Steps for Risk Reduction
- Structured Data Management: Internal policies for data classification and finding personal data, trade secrets, and their common areas should be introduced by organizations. Setting access permissions by the principle of "need to know" is very important. You should put how long you will keep these kinds of data separately to protect your trade secrets when following deletion obligations.19
- Strengthening Confidentiality Through Contracts: It is necessary to create solid NDAs and confidentiality agreements for all people and companies involved. Both of these should make clear the meaning of trade secrets and what it means to handle private information in trade secrets to comply with both DPDP and IP regulations. By offering learning and exit interviews, these are reinforced further. In the Indian legal system, the strongest contractual agreements are used to stop or respond to breaches through injunctions or compensation, making them a central first defense.20
- Data Anonymization Techniques: Leverage anonymization, pseudonymization, and aggregation to protect personal data while retaining analytical value for AI models and research. Techniques like data masking or synthetic data can safeguard trade secrets by fulfilling DPDP erasure/minimization, though it may limit personalization.21
- Policy Advocacy for a Clarifying Amendment or Rules under DPDP: Taking part in government processes and DPBI activities is necessary to ensure clear subordinate laws solve the conflict between trade secrets and data privacy. Both the balancing rules similar to GDPR and the quick approval of the Protection of Trade Secrets Bill, 2024 should be supported by businesses. To ensure a stable environment for new ideas, being proactive with regulations is very important.

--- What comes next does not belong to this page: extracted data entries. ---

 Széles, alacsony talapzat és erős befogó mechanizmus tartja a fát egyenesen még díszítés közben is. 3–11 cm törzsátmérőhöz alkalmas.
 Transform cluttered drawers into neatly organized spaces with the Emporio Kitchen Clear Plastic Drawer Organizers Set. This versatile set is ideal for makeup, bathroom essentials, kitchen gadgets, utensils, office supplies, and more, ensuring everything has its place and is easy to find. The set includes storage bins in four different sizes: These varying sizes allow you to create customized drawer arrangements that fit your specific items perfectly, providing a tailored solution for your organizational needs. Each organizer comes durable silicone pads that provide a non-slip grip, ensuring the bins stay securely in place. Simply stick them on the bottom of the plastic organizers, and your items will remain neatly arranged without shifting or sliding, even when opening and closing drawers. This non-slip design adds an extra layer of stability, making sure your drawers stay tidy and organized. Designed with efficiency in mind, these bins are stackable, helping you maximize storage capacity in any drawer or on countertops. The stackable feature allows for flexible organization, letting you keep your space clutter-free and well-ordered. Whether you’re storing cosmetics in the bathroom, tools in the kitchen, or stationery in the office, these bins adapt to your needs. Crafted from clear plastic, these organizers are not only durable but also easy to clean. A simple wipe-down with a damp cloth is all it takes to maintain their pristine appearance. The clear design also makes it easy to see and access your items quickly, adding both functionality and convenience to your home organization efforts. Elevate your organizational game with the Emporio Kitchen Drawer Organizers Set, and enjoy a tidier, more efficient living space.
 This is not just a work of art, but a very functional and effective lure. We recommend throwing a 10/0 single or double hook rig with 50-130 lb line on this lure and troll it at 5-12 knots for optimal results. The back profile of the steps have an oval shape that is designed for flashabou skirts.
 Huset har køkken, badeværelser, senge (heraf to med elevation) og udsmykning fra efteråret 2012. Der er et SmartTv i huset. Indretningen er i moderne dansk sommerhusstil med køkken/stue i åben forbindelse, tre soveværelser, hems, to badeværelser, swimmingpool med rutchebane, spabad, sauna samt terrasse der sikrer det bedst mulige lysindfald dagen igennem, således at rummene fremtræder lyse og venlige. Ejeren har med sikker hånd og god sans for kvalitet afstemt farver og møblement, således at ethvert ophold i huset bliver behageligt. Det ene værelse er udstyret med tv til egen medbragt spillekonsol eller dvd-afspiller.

Because of the new DPDP Act and the proposed Bill on Trade Secrets, companies must adjust their compliance strategies often. Agile laws and systems, supported by dedicated specialists, allow organizations to watch, modify policies, and adopt new technologies frequently. If firms rely on a static approach, they may face more dangers and a delay in complying with regulations.22
- Use Technology and Checks to Protect Information: Use tools like strong passwords, two-step verification, and secure networks (VPNs) to keep information safe. Clearly label any confidential documents or emails so everyone knows they are private. Keep track of who accesses sensitive information and check regularly for any unauthorized use. Make sure to remove access rights when someone leaves the company. Avoid marking too much information as secret because it can cause confusion and make people less careful.23
VI. Policy Recommendations
There should be clear rules that resolve the difference between what a data principal can do with their data and what is protected as a trade secret, which should be issued by the government and DPBI. The guidance ought to give data fiduciaries some practical options to address these concerns when enterprise trade secrets, including personal data, are subject to such requests. Having such rules would limit confusion, provide a clear direction for courts, and ensure that decisions aren't left to arbitrators. Because there are rapid developments in AI, the legislation needs to be able to adapt and be re-examined occasionally to support both progress and people's rights.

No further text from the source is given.